**Available data:**

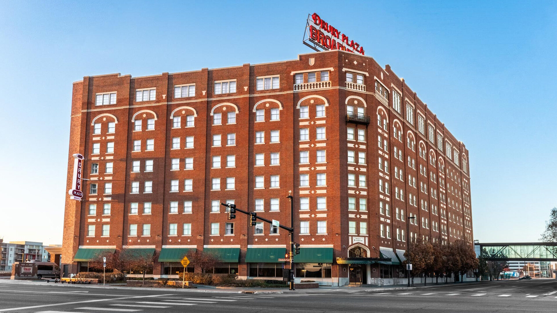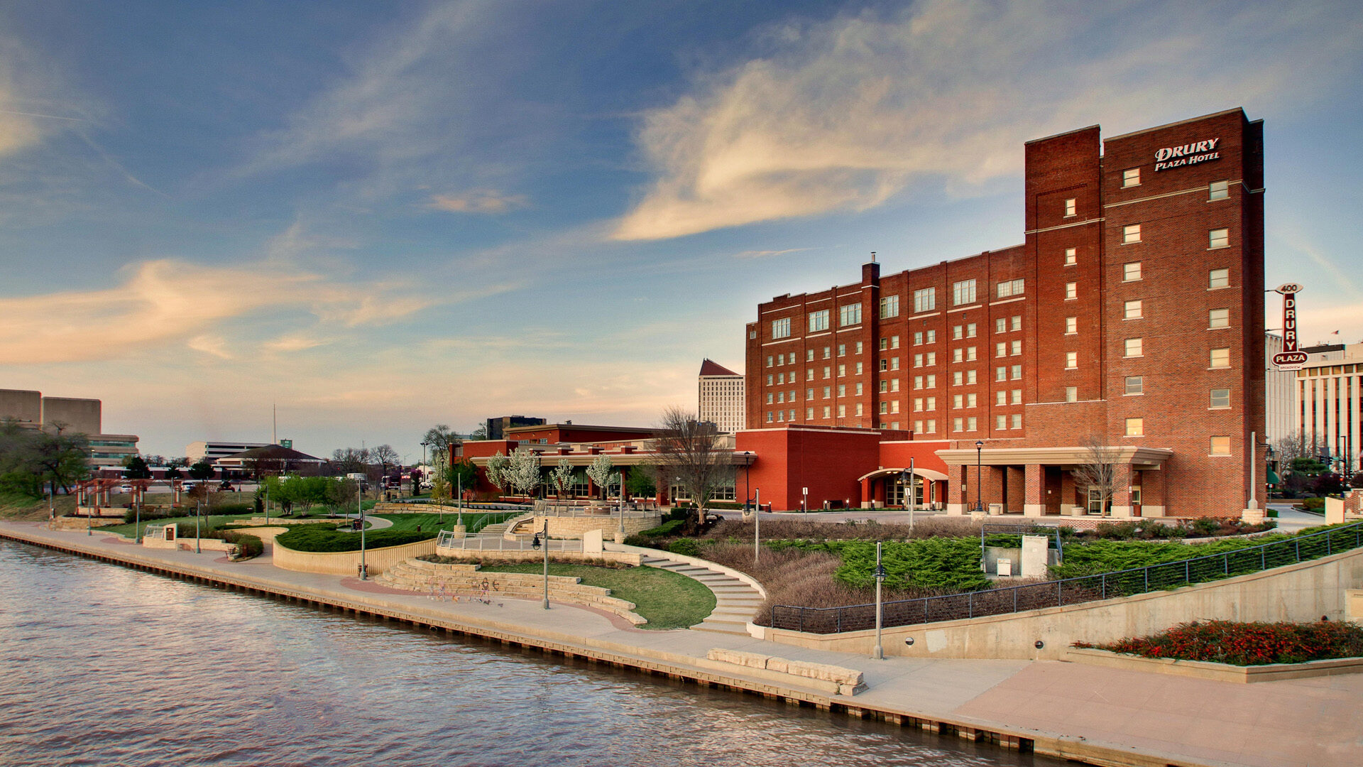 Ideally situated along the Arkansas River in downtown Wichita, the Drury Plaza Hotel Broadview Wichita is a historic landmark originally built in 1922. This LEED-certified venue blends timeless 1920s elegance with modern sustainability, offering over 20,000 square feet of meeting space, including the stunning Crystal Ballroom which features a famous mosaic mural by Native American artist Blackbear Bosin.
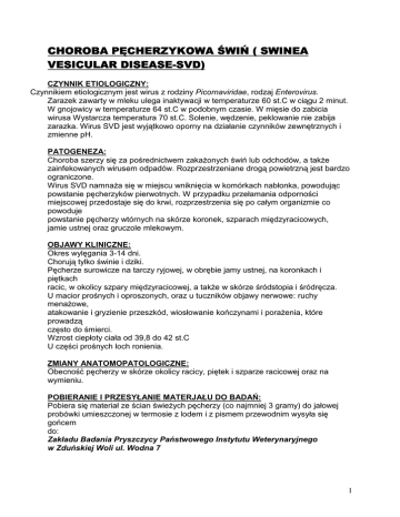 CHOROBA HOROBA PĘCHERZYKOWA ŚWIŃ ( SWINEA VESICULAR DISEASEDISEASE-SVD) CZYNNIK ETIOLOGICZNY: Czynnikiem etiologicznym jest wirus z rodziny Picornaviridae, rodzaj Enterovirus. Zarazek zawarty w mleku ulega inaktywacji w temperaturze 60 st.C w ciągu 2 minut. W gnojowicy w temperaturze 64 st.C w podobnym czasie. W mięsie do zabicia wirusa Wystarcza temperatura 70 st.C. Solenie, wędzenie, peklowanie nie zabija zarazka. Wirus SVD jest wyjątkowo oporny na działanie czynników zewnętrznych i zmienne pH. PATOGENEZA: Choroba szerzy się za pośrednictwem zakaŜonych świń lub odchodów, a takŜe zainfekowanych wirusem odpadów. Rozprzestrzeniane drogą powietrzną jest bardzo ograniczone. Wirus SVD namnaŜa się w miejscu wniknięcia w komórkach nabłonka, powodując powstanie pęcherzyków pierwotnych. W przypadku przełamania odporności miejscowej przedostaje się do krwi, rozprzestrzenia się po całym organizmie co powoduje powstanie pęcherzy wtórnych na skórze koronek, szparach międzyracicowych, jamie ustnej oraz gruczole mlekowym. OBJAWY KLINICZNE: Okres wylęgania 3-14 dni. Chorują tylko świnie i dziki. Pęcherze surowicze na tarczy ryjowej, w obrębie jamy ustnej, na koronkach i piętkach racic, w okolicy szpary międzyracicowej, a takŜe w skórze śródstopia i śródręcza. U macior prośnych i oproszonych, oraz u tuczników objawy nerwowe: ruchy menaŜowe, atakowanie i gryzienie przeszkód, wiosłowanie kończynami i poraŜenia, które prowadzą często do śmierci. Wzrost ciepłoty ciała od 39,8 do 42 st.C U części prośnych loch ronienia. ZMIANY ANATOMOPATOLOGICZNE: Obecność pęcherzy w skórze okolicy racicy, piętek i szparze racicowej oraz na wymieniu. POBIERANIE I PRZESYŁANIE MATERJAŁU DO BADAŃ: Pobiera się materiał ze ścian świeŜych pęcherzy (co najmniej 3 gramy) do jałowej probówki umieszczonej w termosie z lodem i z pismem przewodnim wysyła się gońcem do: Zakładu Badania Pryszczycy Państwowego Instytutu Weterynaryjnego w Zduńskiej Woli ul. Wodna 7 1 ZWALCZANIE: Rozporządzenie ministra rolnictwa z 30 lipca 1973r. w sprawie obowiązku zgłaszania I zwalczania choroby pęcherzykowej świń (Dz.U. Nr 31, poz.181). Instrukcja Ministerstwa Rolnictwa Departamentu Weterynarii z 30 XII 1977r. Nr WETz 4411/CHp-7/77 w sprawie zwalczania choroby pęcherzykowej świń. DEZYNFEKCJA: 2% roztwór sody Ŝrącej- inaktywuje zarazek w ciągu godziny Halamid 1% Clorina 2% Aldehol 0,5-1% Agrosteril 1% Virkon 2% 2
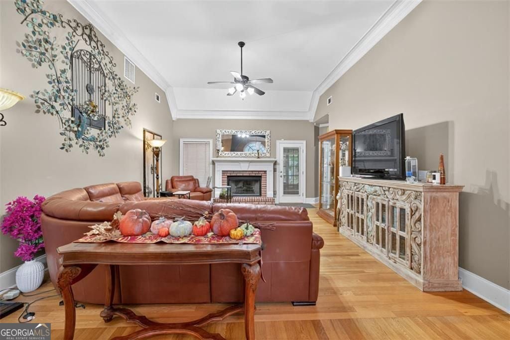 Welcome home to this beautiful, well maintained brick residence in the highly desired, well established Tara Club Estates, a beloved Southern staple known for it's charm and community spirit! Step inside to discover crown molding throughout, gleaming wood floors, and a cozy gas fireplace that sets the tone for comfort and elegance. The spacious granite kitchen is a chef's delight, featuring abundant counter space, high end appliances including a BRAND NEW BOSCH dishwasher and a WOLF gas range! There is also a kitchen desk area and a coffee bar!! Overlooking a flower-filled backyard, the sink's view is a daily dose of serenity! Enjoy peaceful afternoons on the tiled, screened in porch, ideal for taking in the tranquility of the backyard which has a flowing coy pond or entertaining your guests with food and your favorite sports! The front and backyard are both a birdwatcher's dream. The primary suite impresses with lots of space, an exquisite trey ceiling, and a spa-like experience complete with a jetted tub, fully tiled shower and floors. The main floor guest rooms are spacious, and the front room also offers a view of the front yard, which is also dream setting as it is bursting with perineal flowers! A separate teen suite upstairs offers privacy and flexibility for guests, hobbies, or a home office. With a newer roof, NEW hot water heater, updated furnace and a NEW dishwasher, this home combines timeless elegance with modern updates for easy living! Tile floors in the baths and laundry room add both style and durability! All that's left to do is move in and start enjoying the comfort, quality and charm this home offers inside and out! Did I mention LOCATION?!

**Task statement:** Return the data verbatim, leaving out the pictures it holds.

**Your response:**
 Ideally situated along the Arkansas River in downtown Wichita, the Drury Plaza Hotel Broadview Wichita is a historic landmark originally built in 1922. This LEED-certified venue blends timeless 1920s elegance with modern sustainability, offering over 20,000 square feet of meeting space, including the stunning Crystal Ballroom which features a famous mosaic mural by Native American artist Blackbear Bosin.
 CHOROBA HOROBA PĘCHERZYKOWA ŚWIŃ ( SWINEA VESICULAR DISEASEDISEASE-SVD) CZYNNIK ETIOLOGICZNY: Czynnikiem etiologicznym jest wirus z rodziny Picornaviridae, rodzaj Enterovirus. Zarazek zawarty w mleku ulega inaktywacji w temperaturze 60 st.C w ciągu 2 minut. W gnojowicy w temperaturze 64 st.C w podobnym czasie. W mięsie do zabicia wirusa Wystarcza temperatura 70 st.C. Solenie, wędzenie, peklowanie nie zabija zarazka. Wirus SVD jest wyjątkowo oporny na działanie czynników zewnętrznych i zmienne pH. PATOGENEZA: Choroba szerzy się za pośrednictwem zakaŜonych świń lub odchodów, a takŜe zainfekowanych wirusem odpadów. Rozprzestrzeniane drogą powietrzną jest bardzo ograniczone. Wirus SVD namnaŜa się w miejscu wniknięcia w komórkach nabłonka, powodując powstanie pęcherzyków pierwotnych. W przypadku przełamania odporności miejscowej przedostaje się do krwi, rozprzestrzenia się po całym organizmie co powoduje powstanie pęcherzy wtórnych na skórze koronek, szparach międzyracicowych, jamie ustnej oraz gruczole mlekowym. OBJAWY KLINICZNE: Okres wylęgania 3-14 dni. Chorują tylko świnie i dziki. Pęcherze surowicze na tarczy ryjowej, w obrębie jamy ustnej, na koronkach i piętkach racic, w okolicy szpary międzyracicowej, a takŜe w skórze śródstopia i śródręcza. U macior prośnych i oproszonych, oraz u tuczników objawy nerwowe: ruchy menaŜowe, atakowanie i gryzienie przeszkód, wiosłowanie kończynami i poraŜenia, które prowadzą często do śmierci. Wzrost ciepłoty ciała od 39,8 do 42 st.C U części prośnych loch ronienia. ZMIANY ANATOMOPATOLOGICZNE: Obecność pęcherzy w skórze okolicy racicy, piętek i szparze racicowej oraz na wymieniu. POBIERANIE I PRZESYŁANIE MATERJAŁU DO BADAŃ: Pobiera się materiał ze ścian świeŜych pęcherzy (co najmniej 3 gramy) do jałowej probówki umieszczonej w termosie z lodem i z pismem przewodnim wysyła się gońcem do: Zakładu Badania Pryszczycy Państwowego Instytutu Weterynaryjnego w Zduńskiej Woli ul. Wodna 7 1 ZWALCZANIE: Rozporządzenie ministra rolnictwa z 30 lipca 1973r. w sprawie obowiązku zgłaszania I zwalczania choroby pęcherzykowej świń (Dz.U. Nr 31, poz.181). Instrukcja Ministerstwa Rolnictwa Departamentu Weterynarii z 30 XII 1977r. Nr WETz 4411/CHp-7/77 w sprawie zwalczania choroby pęcherzykowej świń. DEZYNFEKCJA: 2% roztwór sody Ŝrącej- inaktywuje zarazek w ciągu godziny Halamid 1% Clorina 2% Aldehol 0,5-1% Agrosteril 1% Virkon 2% 2
 Welcome home to this beautiful, well maintained brick residence in the highly desired, well established Tara Club Estates, a beloved Southern staple known for it's charm and community spirit! Step inside to discover crown molding throughout, gleaming wood floors, and a cozy gas fireplace that sets the tone for comfort and elegance. The spacious granite kitchen is a chef's delight, featuring abundant counter space, high end appliances including a BRAND NEW BOSCH dishwasher and a WOLF gas range! There is also a kitchen desk area and a coffee bar!! Overlooking a flower-filled backyard, the sink's view is a daily dose of serenity! Enjoy peaceful afternoons on the tiled, screened in porch, ideal for taking in the tranquility of the backyard which has a flowing coy pond or entertaining your guests with food and your favorite sports! The front and backyard are both a birdwatcher's dream. The primary suite impresses with lots of space, an exquisite trey ceiling, and a spa-like experience complete with a jetted tub, fully tiled shower and floors. The main floor guest rooms are spacious, and the front room also offers a view of the front yard, which is also dream setting as it is bursting with perineal flowers! A separate teen suite upstairs offers privacy and flexibility for guests, hobbies, or a home office. With a newer roof, NEW hot water heater, updated furnace and a NEW dishwasher, this home combines timeless elegance with modern updates for easy living! Tile floors in the baths and laundry room add both style and durability! All that's left to do is move in and start enjoying the comfort, quality and charm this home offers inside and out! Did I mention LOCATION?!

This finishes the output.